Building Brands One Touch At A Time

February 26, 2009 on 8:37 am | In Advertising, Brand, Branding, Customer Retention, Customer Service, Marketing, PR, Public Relations | 4 Comments

Touch

Thanks to Jason Falls, I saw this post today about brand touch points, which provided an excellent case study of how to bring your brand to life. So much of what we do as marketers involves communication with digital media that we forget how powerful the human touch can be in building a brand.

In the old days, that is the 50s and 60s when you could reach all of America with a fairly simple media buy, you could build a brand primarily with advertising. Today, public relations leads – or at least should lead – the brand building charge. Your PR people should audit every contact you have with your publics to make sure those contacts resonate with your brand. Remember, as we discussed recently, that your employees are your primary communication vehicle.

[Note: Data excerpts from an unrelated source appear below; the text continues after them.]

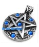 Pendentif cercle et croix pentagramme strass bleu ou rouge en étain, 35 mm de diamètre. Cordon noir 50cm .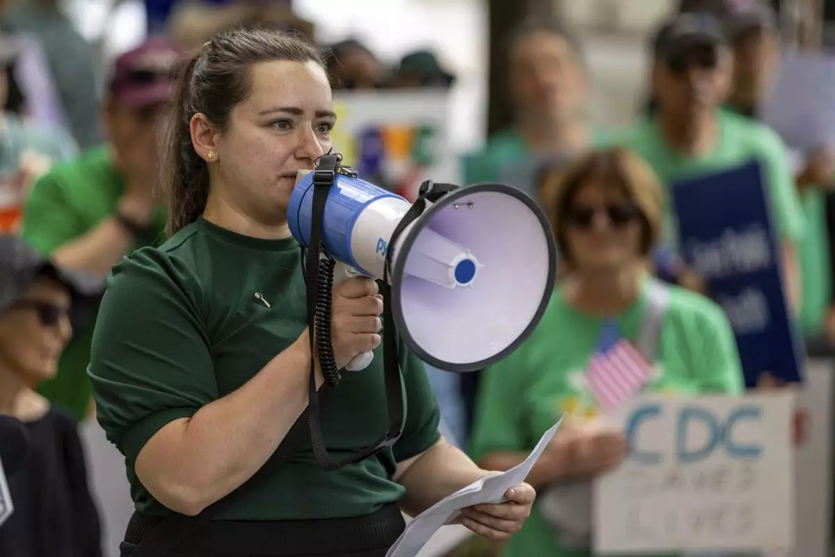 Anna Yousaf speaks at a demonstration protesting President Donald Trump's proposed cuts to health services outside Centers for Disease Control and Prevention (CDC) headquarters in Atlanta on Tuesday, June 10, 2025. (Arvin Temkar/Atlanta Journal-Constitution via AP)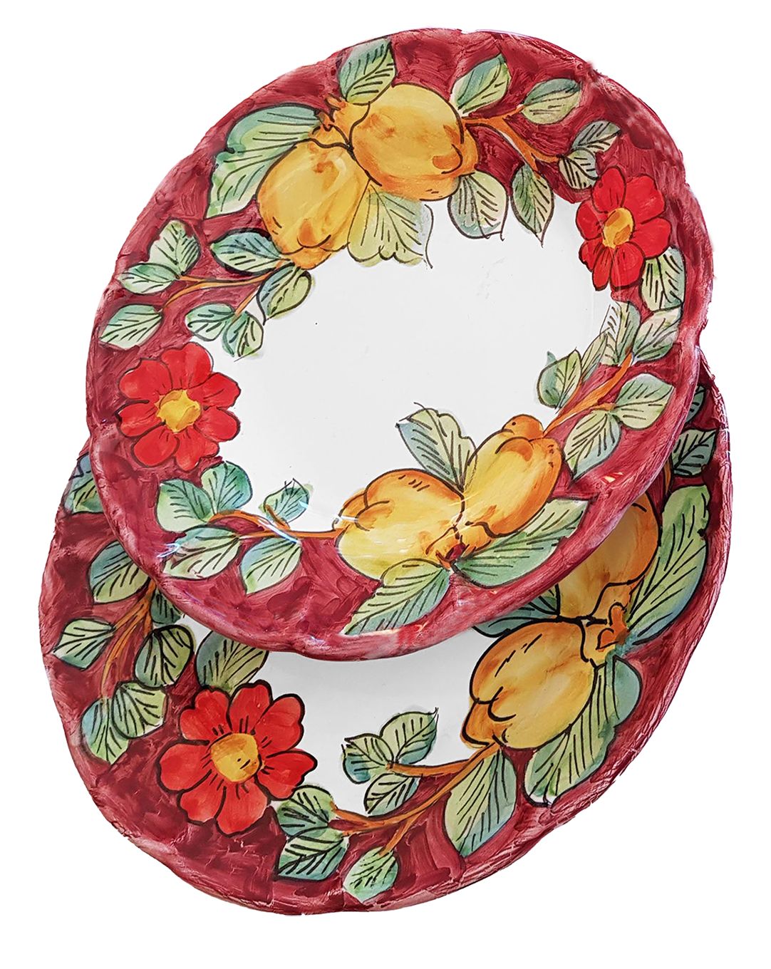 Plattenlinie Blumen und Zitronen. Handbemalte Vitri-Keramik. Zweiter Fondsplan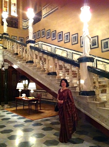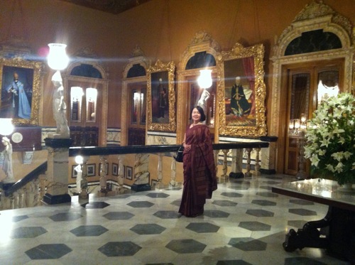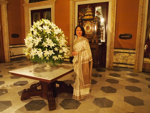 ちなみに夕食の際には、サリーを着用したのだった。サリーはまた、こういう場所にもよく似合う。
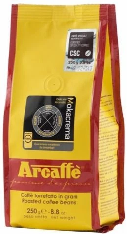Arcaffè Mokacrema is an espresso blend that consists of 100 % Arabica beans from high altitude estates in Central America and Ethiopia. This delicate and aromatic coffee has a nice acidity and a sweet honeylike aftertaste. It is an excellent espresso that also works nicely with milk in cappuccinos and lattes.

I once worked on a project for an airline in which we looked at every point of contact. Some of these points of contact were out of the brand’s control, although customers didn’t think that they were. For instance, signage and parking at the airport were little things that angered customers that the airline could not control. In fact, out of something like 30 points of contacts customers mentioned, about half were out of the airline’s control. But these were essential to the brand. So, we had to come up with ways to strengthen the ones we could control and mitigate the ones we couldn’t.

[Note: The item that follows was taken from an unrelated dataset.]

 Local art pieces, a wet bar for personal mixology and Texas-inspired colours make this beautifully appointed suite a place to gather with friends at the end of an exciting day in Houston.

This airline had a high percentage of repeat customers. So we offered them an email program that provided them with directional information and parking tips for the various airports this airline flew into. Where we couldn’t control, at least we could inform.

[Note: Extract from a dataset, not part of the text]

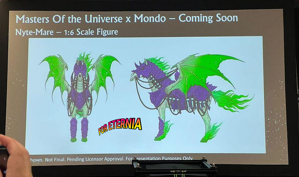 Probably the most interesting figure out of the bunch (solely because Mattel has now endorsed Mondo creating brand new charactes in this IP), is Mondo’s new four-legged figure that has never been seen before on Eternia or Earth until now. It is Scare Glow’s frightening steed, Nyte-Mare!

Have you done an audit of your brand’s touch points? Any surprises about what customers thought were points of contact within your control? How have you changed your touch points to better serve customers and build your brand?

Other Posts Of Interest

  • http://blog.ecairn.com laurent

    So true that employees are the primary communication vehicle..and so much more now that social media has enabled them to interact more broadly than ever.
    Today, many corporate employees already engage in Internet conversations because they share interest with others outside and are fueled by passion (or not) about their products/brands. They connect with customers and Internet media influencers, and learn from these exchanges. Although these interactions generally foster a positive image for their respective organizations and brands, there is no assurance that they can’t
    also create negative momentum, inadvertently as you described in your example.
    I witnessed PR, Marketing, company bloggers, evangelists from engineering engaging in social media, most of the time in silos and quite honestly inefficiently. I believe the time is ripe for “team social media” within enterprises. “team social media” would be a cross functional team of individuals engaging together in the right communities/with the right influencers.

  • http://leodimilo.com/internetmarketingblog Leo

    I actually read in a trade magazine just last month of a restaurant that has “touch” points…12 of them…at each of these touch points, they required an employee to acknowledge the customer in some way or form….kind of overkill if you ask me but the point is the same as this post.

  • http://www.e-buzzink.com Jamie Sullivan

    I found this post as an excellent “call to action” for something I believe wholeheartedly in … Now is the time to leverage our collective creativity and relationships to cast our “nets” wider than ever before.